Stored items:
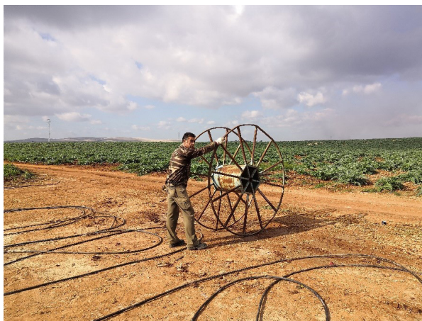
Fig.1. Illustration de terrain du travail au champ, sur le domaine El Humoso, terre conquise lors des luttes.

pacifique pour acquérir des terres. Elle durera une quinzaine d'années et face à leur détermination, 1200 hectares leur sont cédés en 1991 et sont rendus collectifs.
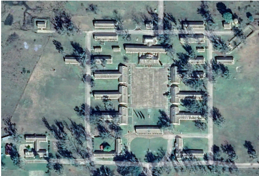
Figura 6. Gráfico de la ubicación y jurisdicción del RIMte 4 Monte Caseros. Construcción modelo económico 1940.
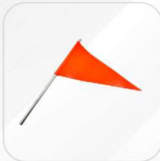
BANDERÍN PARA DEFENSA DE CAMIÓN
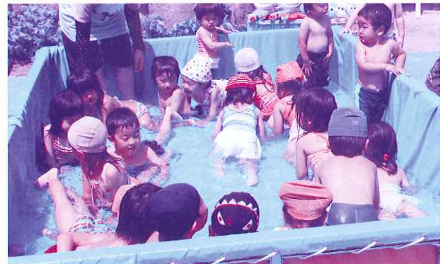
保育園:ベストフレンズ

なお、世帯毎の募金は自治会長さんや班長さんに集めていただいています。ご協力に対し、この場を借りてお礼申し上げます。
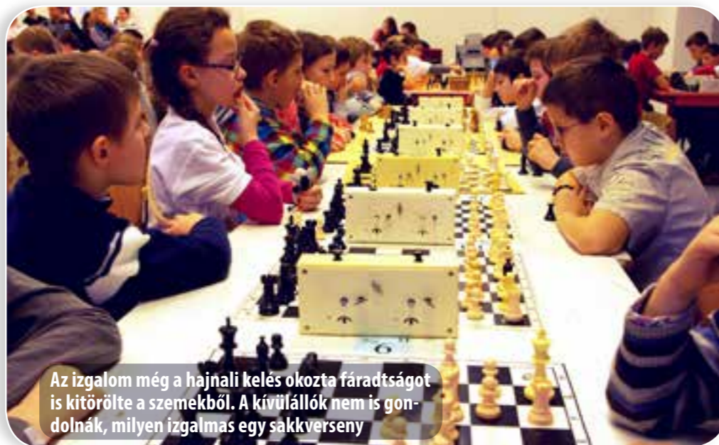
Az izgalom még a hajnali kelés okozta fáradtságot is kitörölte a szemekből. A kívülállók nem is gondolnák, milyen izgalmas egy sakkművelés
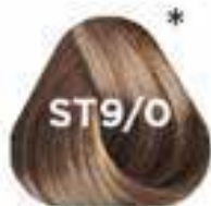
ST9/0 VERY LIGHT BLONDE nagyon világos szőke
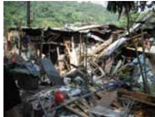
鐵皮木屋付諸一炬
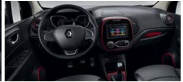
Décors intérieurs Rouge
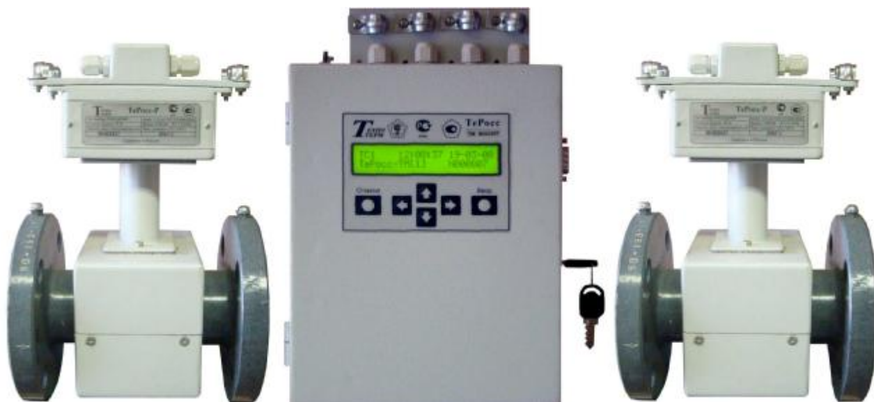
Рисунок 1 – Общий вид теплосчетчика TeRoss-ТМ с TeRoss-ВУ и TeRoss-ИБ в составе с ПРЭ
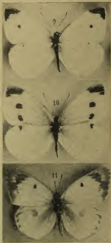
Fig. 9 (♂). Pieris rapae messanensis Zell. (= mannides Ver.) (Dalmat. med., Perkovic, 12. VI. 1908, H. Stauder leg.).

„ 8 desgl. (Calabria, Aspromonte, VII. 1914, H. Stauder leg.).
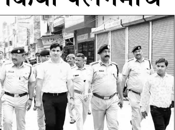
सवाई माधोपुर के प्रमुख स्थानों पर पुलिस के जवानों ने फ्लैगमार्च निकाला।

थाना अधिकारियों को दें। जिले के अमन चैन को नुकसान पहुंचाने वाले असामाजिक तत्वों को किसी भी परिस्थिति में बख्शा नहीं जाएगा उनके खिलाफ कठोर दण्डनात्मक कार्यवाही की जाएगी। जिला पुलिस अधीक्षक ने बताया कि सभी उपखण्ड मुख्यालय पर पुलिस जवानों द्वारा फ्लैगमार्च किया गया है।
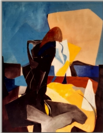
Frau im Cafe2

Friedrich Haugg • Öl auf Pappe 50 x 70 cm
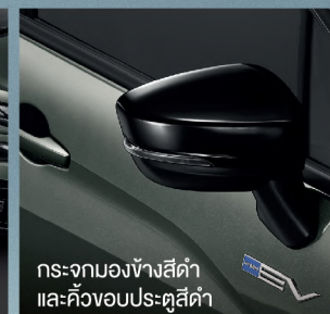
กระจกมองข้างสีดำ และคิ้วขอบประตูสีดำ
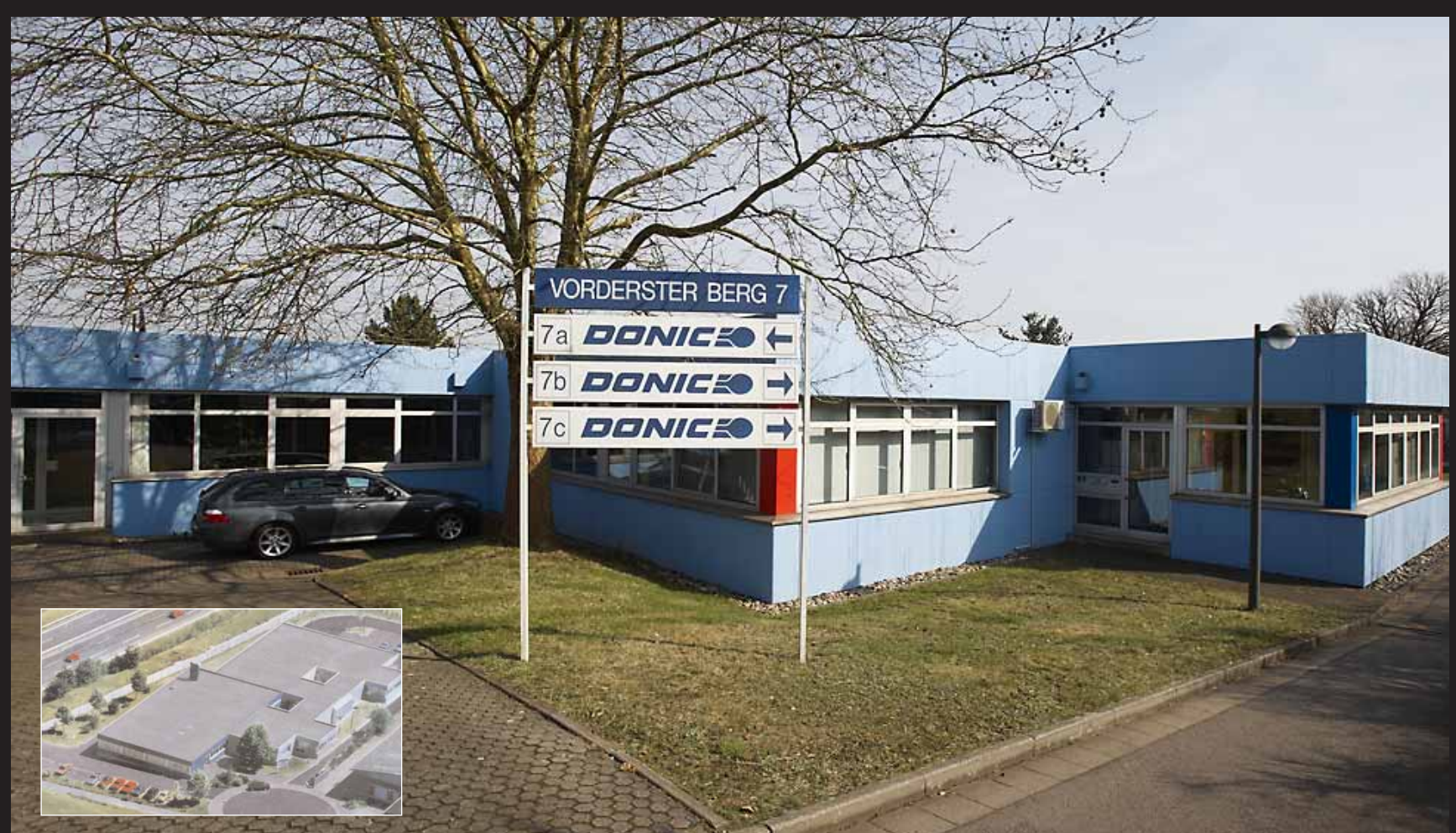
Die DONIC Firmenzentrale in Völklingen (Deutschland).
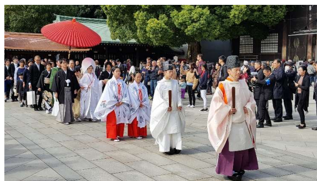
Hochzeit im Meiji Schrein

Sa 16.01.27 + Sa 30.01.27 / 2.Erlebnis-Tag Ankunft am Flughafen Narita oder Haneda. Fahrt nach Tokyo, Check-In im Hotel im Stadtteil Ginza und Übernachtung in Tokyo.
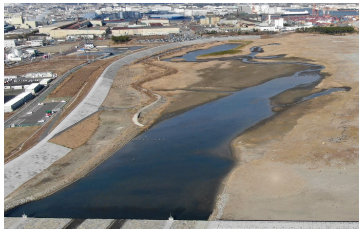
Fig.3 潟湖南部の様子(ドローンによる撮影)

調査日時：2021年12月22日（水）13:00~14:15, 天気:晴れ, 干潮時刻11:11（潮位95cm）
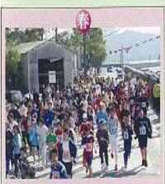
ベアーマラソン大会(3月中旬)
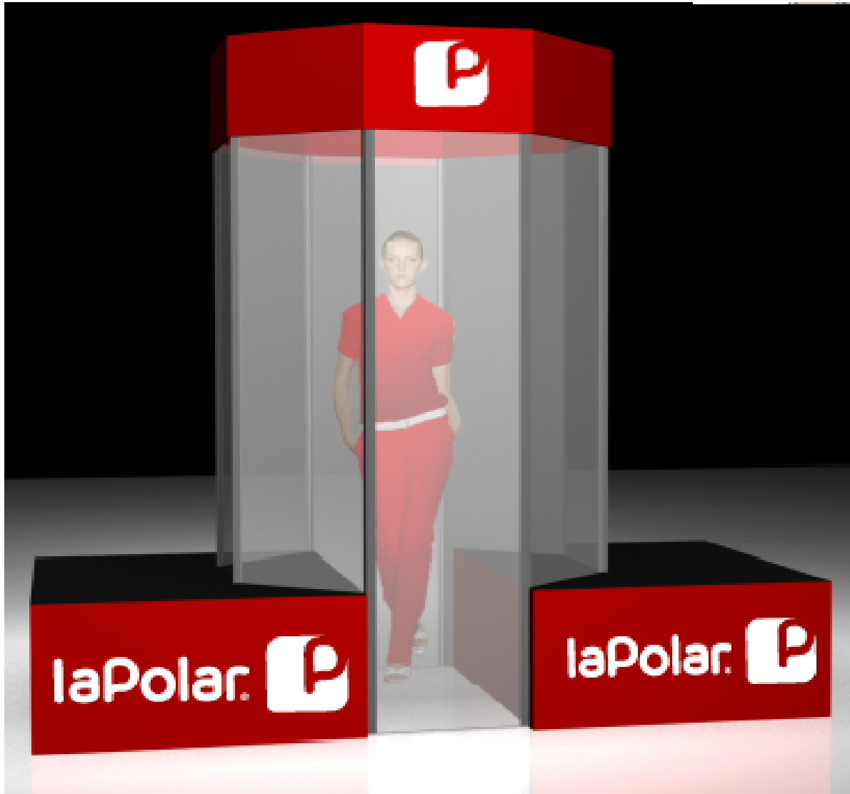
IMAGEN CICLON MILLONARIO
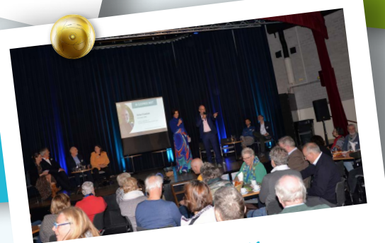
Minicongres 24 NOVEMBER 2023

"Heel fijn om met zoveel verschillende instanties samen te zijn en elkaars ervaringen te delen."
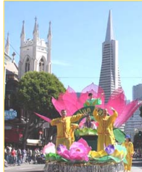
花车上演示法轮功功法

【明慧网】二零零六年十月八日，美国旧金山第一百三十八届哥伦布节庆典游行隆重举行，在参加游行的一百三十个团体中，法轮功团队受到了主办单位和沿途观众的热烈欢迎。据主办方估计，当日约有四十万观众。
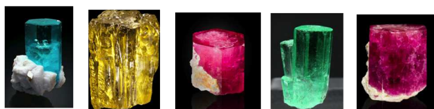
Figura 1. Diferentes minerales berilo, de izquierda a derecha: aguamarina, heliodoro, morganita, esmeralda y bixbita

El mineral berilo, que es un ciclosilicato de berilio y aluminio ( \text{Be}_3\text{Al}_2(\text{SiO}_3)_6 ), se conoce desde la antigüedad en diversas formas. Esta sal es incolora, pero diferentes impurezas confieren al berilo colores diversos que caracterizan una serie de piedras semipreciosas o preciosas (Figura 1), como el aguamarina (azul, debido a impurezas de \text{Fe}^{2+} ), el heliodoro (el berilo más abundante cuyo nombre alude a su color amarillo miel debido a impurezas de \text{Fe}^{3+} ), la morganita o berilo rosa (cuyo color viene causado por impurezas de \text{Mn}^{2+} ), la esmeralda (verde, color producido por impurezas de Cr y a veces V) o la bixbita o esmeralda roja (cuyo color se debe a impurezas de \text{Mn}^{3+} ).
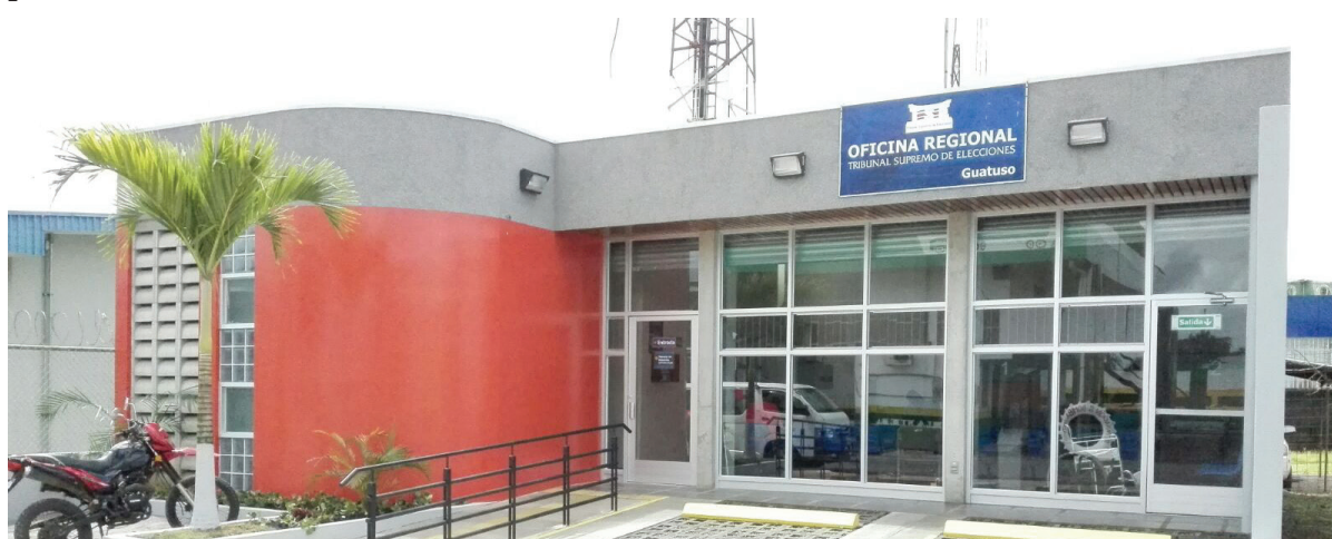
Fachada de la nueva Oficina Regional de Guatuso.

Por día los visitan entre 50 y 70 personas de diferentes zonas de San Carlos, como La Fortuna, Monterrey y Venado, así como de Los Chiles y Upala.
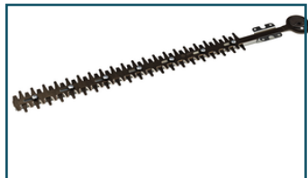
Schaarmessenset 52 cm (1 stuks)
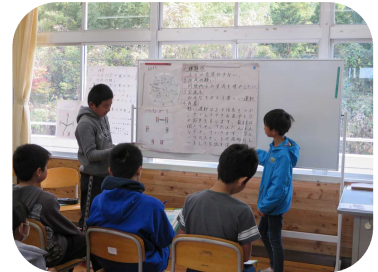
【6年・ポスターセッションによる発表】
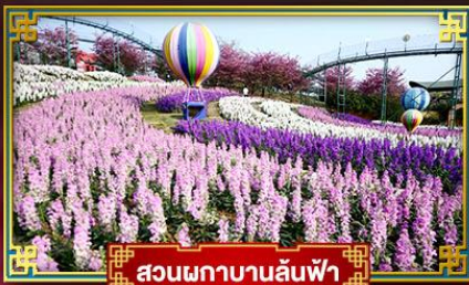
สวนผกาบานล้นฟ้า

อุทยานสวรรค์ภูผาหิมะการ์เซียต้ากู่ปิงชว่น
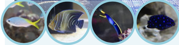
「海空花火/写真右：ショータイム 展示/写真左から：ユメウメイロ、サザナミヤッコ、ハナヒゲウツボ、ジュエルダムセル ※イメージ」
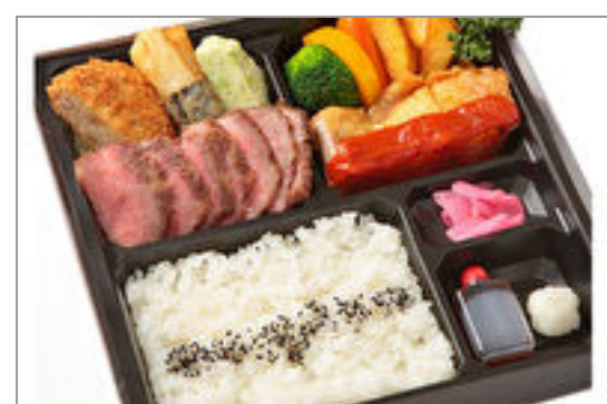
飛騨牛ステーキとチキンのトマトソース
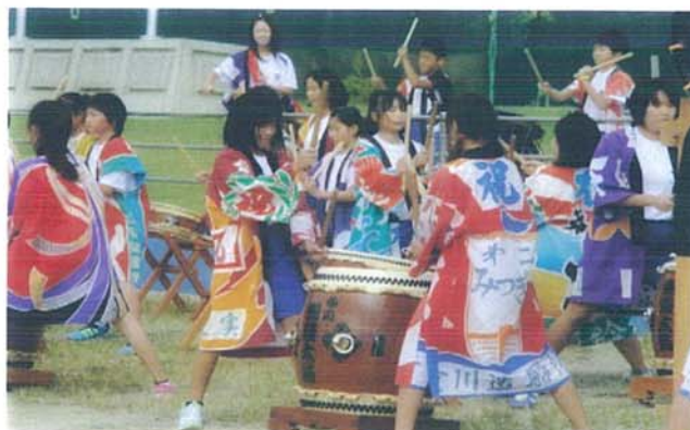
【6年生・秋刀魚収穫祭出演】

▸ THE PROBLEM:
Check every line above for the word "morganita" and copy those that have it.

▸ TASK SOLUTION:
Figura 1. Diferentes minerales berilo, de izquierda a derecha: aguamarina, heliodoro, morganita, esmeralda y bixbita
El mineral berilo, que es un ciclosilicato de berilio y aluminio ( \text{Be}_3\text{Al}_2(\text{SiO}_3)_6 ), se conoce desde la antigüedad en diversas formas. Esta sal es incolora, pero diferentes impurezas confieren al berilo colores diversos que caracterizan una serie de piedras semipreciosas o preciosas (Figura 1), como el aguamarina (azul, debido a impurezas de \text{Fe}^{2+} ), el heliodoro (el berilo más abundante cuyo nombre alude a su color amarillo miel debido a impurezas de \text{Fe}^{3+} ), la morganita o berilo rosa (cuyo color viene causado por impurezas de \text{Mn}^{2+} ), la esmeralda (verde, color producido por impurezas de Cr y a veces V) o la bixbita o esmeralda roja (cuyo color se debe a impurezas de \text{Mn}^{3+} ).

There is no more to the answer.